▶ _RECORDS SUPPLIED_:
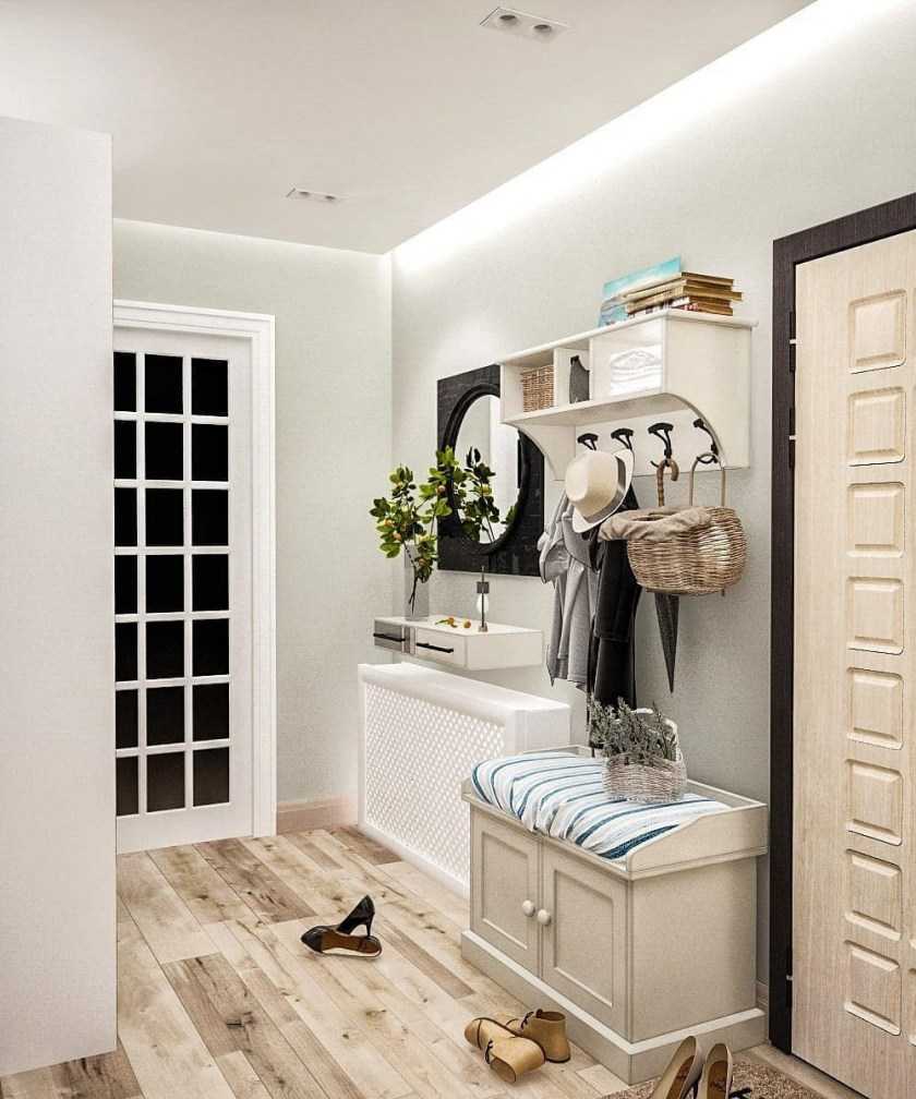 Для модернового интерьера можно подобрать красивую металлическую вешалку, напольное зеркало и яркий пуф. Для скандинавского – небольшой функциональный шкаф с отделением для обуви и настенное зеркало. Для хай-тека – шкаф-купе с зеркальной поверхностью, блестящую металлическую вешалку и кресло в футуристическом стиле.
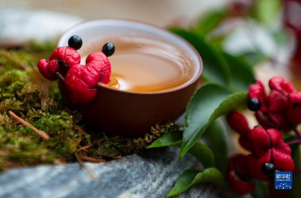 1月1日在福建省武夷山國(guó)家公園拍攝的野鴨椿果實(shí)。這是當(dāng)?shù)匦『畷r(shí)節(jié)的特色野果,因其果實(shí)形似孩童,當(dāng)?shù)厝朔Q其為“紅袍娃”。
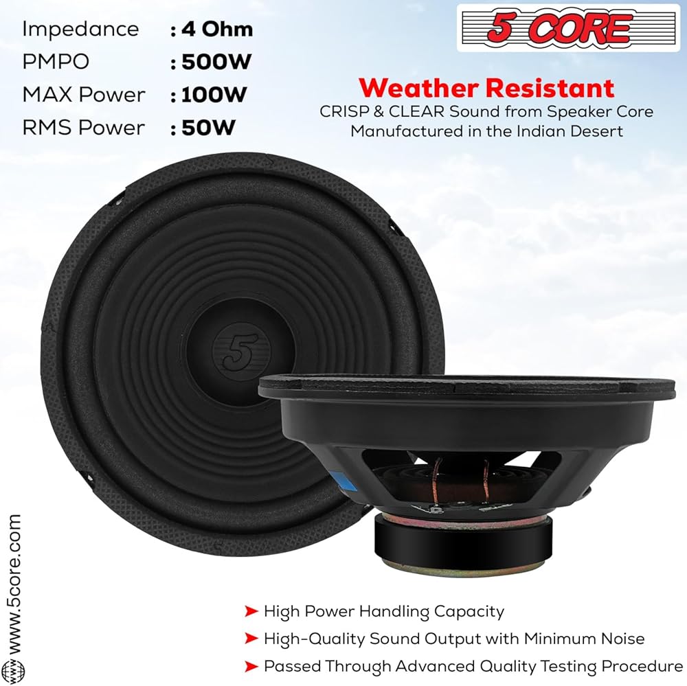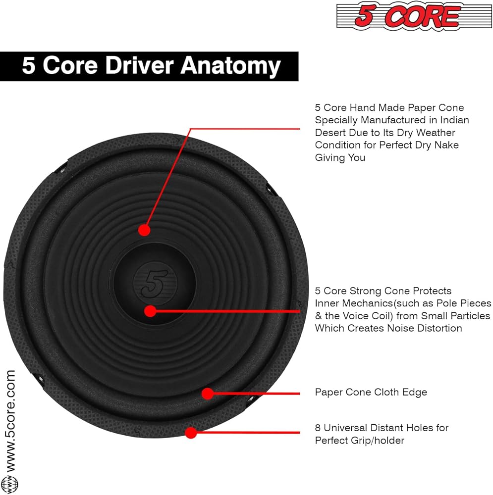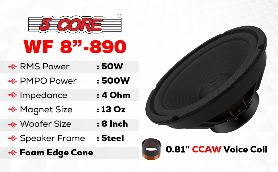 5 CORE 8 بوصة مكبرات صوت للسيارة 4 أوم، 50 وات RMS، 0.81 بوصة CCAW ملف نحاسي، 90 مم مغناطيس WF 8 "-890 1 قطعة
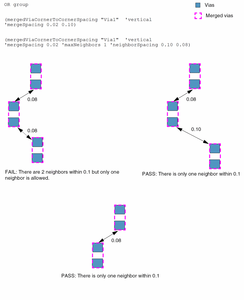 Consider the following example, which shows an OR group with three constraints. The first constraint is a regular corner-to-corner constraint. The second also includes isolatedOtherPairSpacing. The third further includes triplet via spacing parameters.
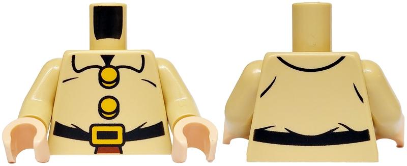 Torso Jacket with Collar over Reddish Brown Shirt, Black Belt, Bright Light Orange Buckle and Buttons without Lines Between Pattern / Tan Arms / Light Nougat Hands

▶ _WHAT TO DO_:
Leave out the pictures, and write out exactly the lines from the line containing "Consider the following" through the end of the records above.

▶ _EXERCISE RESPONSE_:
 Consider the following example, which shows an OR group with three constraints. The first constraint is a regular corner-to-corner constraint. The second also includes isolatedOtherPairSpacing. The third further includes triplet via spacing parameters.
 Torso Jacket with Collar over Reddish Brown Shirt, Black Belt, Bright Light Orange Buckle and Buttons without Lines Between Pattern / Tan Arms / Light Nougat Hands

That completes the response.